**TASK ITEM**
From the line containing "學(xué)校金玉善副校長進" to the line containing "作为一种类似石墨烯片段结构的" in the records below, set down every line exactly as it stands, both ends included, and skip the pictures.

**GIVEN ENTRIES**

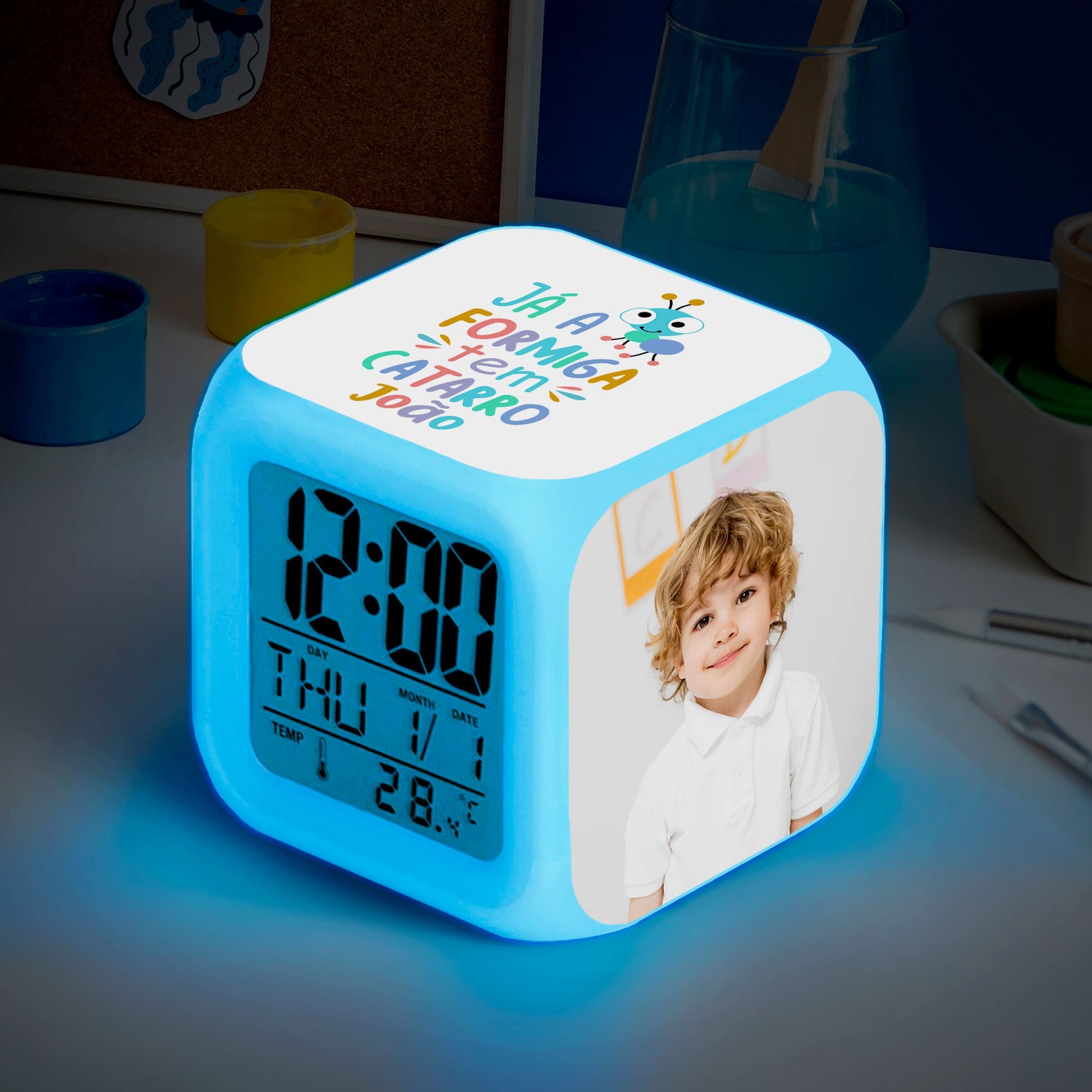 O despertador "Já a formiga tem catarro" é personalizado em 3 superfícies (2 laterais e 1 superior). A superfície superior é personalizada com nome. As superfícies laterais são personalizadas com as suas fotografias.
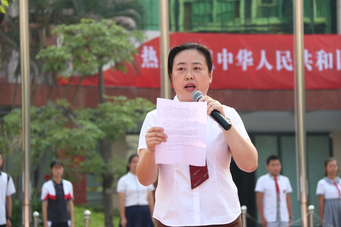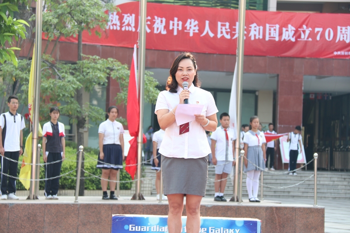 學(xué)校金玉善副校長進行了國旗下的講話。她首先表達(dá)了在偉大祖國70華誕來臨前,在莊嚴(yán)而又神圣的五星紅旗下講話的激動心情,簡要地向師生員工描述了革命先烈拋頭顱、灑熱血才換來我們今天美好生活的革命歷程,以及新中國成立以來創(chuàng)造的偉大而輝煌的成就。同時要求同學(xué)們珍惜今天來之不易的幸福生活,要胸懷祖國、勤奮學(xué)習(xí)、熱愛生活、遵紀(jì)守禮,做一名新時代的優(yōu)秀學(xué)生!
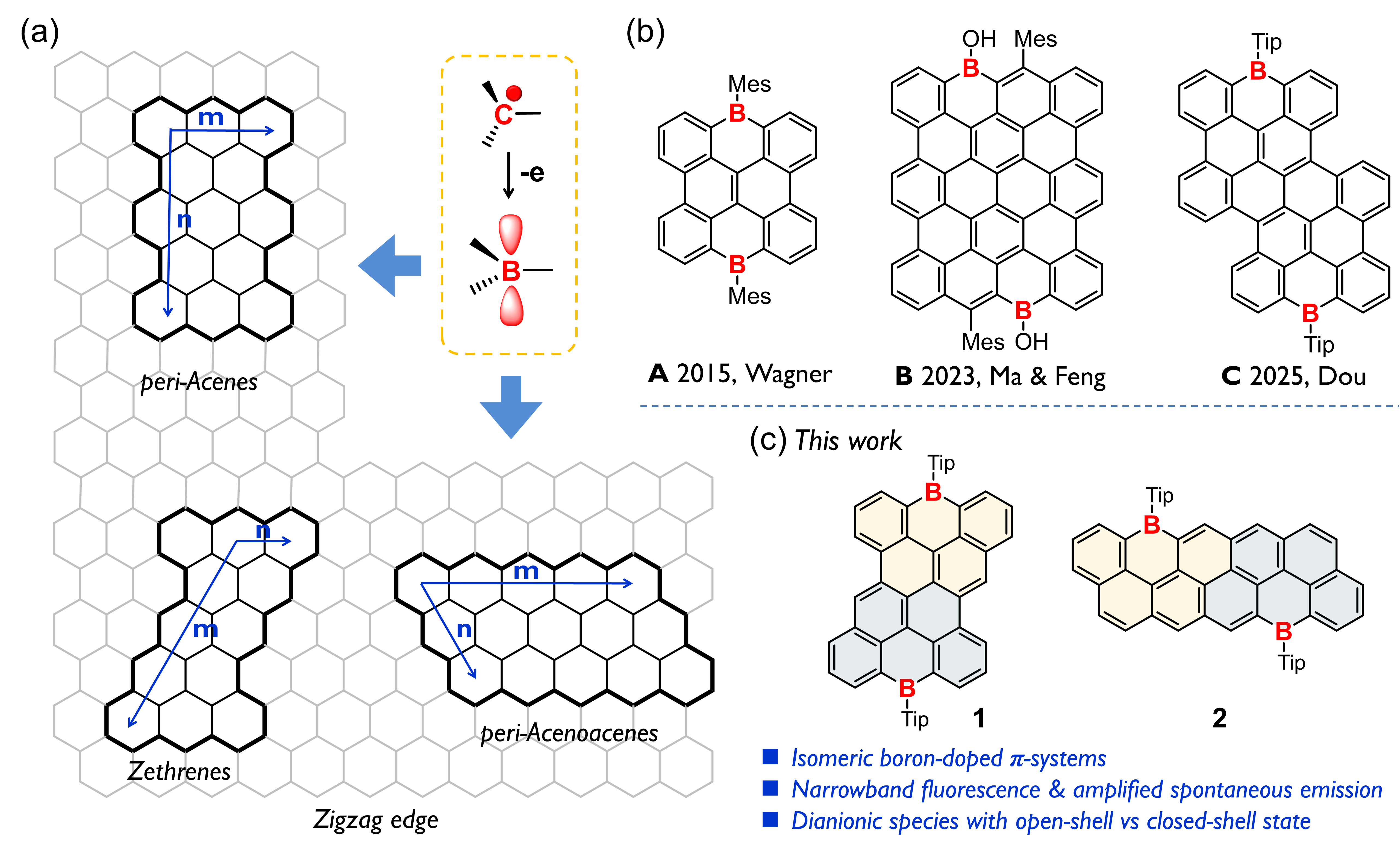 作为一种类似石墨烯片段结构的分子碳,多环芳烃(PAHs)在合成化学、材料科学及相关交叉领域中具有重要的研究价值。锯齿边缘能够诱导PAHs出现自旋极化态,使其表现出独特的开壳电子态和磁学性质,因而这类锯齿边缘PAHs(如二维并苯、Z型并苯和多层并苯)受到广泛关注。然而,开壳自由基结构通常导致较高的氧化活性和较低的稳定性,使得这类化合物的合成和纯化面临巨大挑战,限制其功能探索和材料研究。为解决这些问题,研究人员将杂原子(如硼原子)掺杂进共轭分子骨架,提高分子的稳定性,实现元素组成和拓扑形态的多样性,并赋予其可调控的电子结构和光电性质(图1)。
--
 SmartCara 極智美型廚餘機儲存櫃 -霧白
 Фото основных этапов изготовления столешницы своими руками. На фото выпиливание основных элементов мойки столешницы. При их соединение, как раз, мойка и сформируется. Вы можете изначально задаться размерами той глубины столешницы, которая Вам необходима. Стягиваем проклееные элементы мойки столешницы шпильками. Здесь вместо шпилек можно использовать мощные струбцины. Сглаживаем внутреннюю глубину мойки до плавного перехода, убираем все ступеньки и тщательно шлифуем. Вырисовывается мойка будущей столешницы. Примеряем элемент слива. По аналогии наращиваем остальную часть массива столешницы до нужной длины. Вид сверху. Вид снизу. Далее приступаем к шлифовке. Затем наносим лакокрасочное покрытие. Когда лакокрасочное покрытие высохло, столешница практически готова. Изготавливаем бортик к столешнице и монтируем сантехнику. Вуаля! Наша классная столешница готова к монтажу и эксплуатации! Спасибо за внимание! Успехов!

**RESPONSE AREA**
 學(xué)校金玉善副校長進行了國旗下的講話。她首先表達(dá)了在偉大祖國70華誕來臨前,在莊嚴(yán)而又神圣的五星紅旗下講話的激動心情,簡要地向師生員工描述了革命先烈拋頭顱、灑熱血才換來我們今天美好生活的革命歷程,以及新中國成立以來創(chuàng)造的偉大而輝煌的成就。同時要求同學(xué)們珍惜今天來之不易的幸福生活,要胸懷祖國、勤奮學(xué)習(xí)、熱愛生活、遵紀(jì)守禮,做一名新時代的優(yōu)秀學(xué)生!
 作为一种类似石墨烯片段结构的分子碳,多环芳烃(PAHs)在合成化学、材料科学及相关交叉领域中具有重要的研究价值。锯齿边缘能够诱导PAHs出现自旋极化态,使其表现出独特的开壳电子态和磁学性质,因而这类锯齿边缘PAHs(如二维并苯、Z型并苯和多层并苯)受到广泛关注。然而,开壳自由基结构通常导致较高的氧化活性和较低的稳定性,使得这类化合物的合成和纯化面临巨大挑战,限制其功能探索和材料研究。为解决这些问题,研究人员将杂原子(如硼原子)掺杂进共轭分子骨架,提高分子的稳定性,实现元素组成和拓扑形态的多样性,并赋予其可调控的电子结构和光电性质(图1)。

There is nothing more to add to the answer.